Set up the Hyperdrive to configure the experiment settings. This includes the random sampling parameters as well as the estimator configuration.

In [None]:
# Configure hyperdrive settings
hyperdrive = HyperDriveConfig(estimator=estimator, 
                          hyperparameter_sampling=params, 
                          policy=None, 
                          primary_metric_name='rmse', 
                          primary_metric_goal=PrimaryMetricGoal.MAXIMIZE, 
                          max_total_runs=20,
                          max_concurrent_runs=4)

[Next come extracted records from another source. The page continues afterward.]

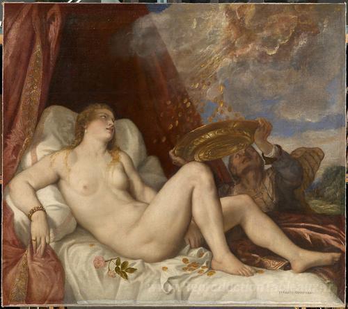 Nous vous proposons une reproduction artisanale sur toile du célèbre tableau 'Danae' de Titian, provenant du Musée de la Reproduction.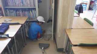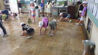 児童全員で主に自分たちの教室をきれいに掃除しました。1年生も椅子や机を廊下に出し、教室の床を濡れ雑巾で一生懸命拭きました。他の学年の中には、教室だけでなく掃除道具入れや階段を丁寧に掃除している児童もいました。みんなで掃除をがんばったので、学校がきれいになりました。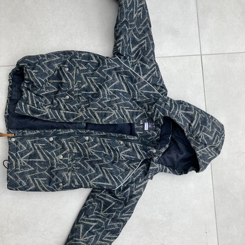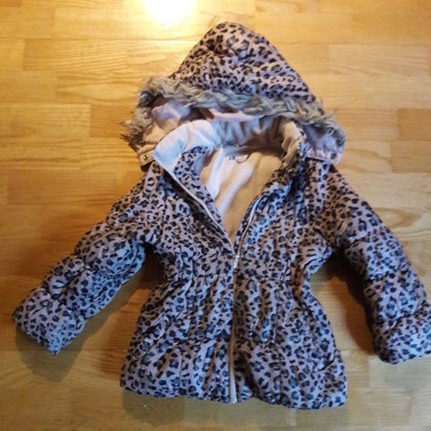 Flot leopardmønstret vinterjakke med aftagelig hætte. Stroppen i nakken er knækket.

print("The hyperdive is ready to run!")

Run the experiment and review the results. This will take 10 - 20 minutes. The status will be displayed in the output as the experiment runs.

You can also switch over to Azure Machine Learning Studio and veiw the status of the run from the Experiments console.

In [None]:
# Run the experiment
experiment = Experiment(workspace = ws, name = 'diabetes_training_hyperdrive')
run = experiment.submit(config=hyperdrive)

# Show the status
RunDetails(run).show()
run.wait_for_completion()

### Get Best Performing Run
When all the runs have finished, you can execute the code below to determine the best performing run based on the primary metric used in the experiment.

In [None]:
best_run = run.get_best_run_by_primary_metric()
if best_run is None:
    raise Exception("No best run was found")
best_run



Automating the hyperparameter tuning process provides a lot of efficiency in the Machine Learning process. For more information on tuning hyperparameters checkout [Microsoft's Documentation](https://docs.microsoft.com/en-us/azure/machine-learning/how-to-tune-hyperparameters)

Don't forget to switch back to the Cloud Academy Lab and run the validation check to verify the Hyperdrive experiment.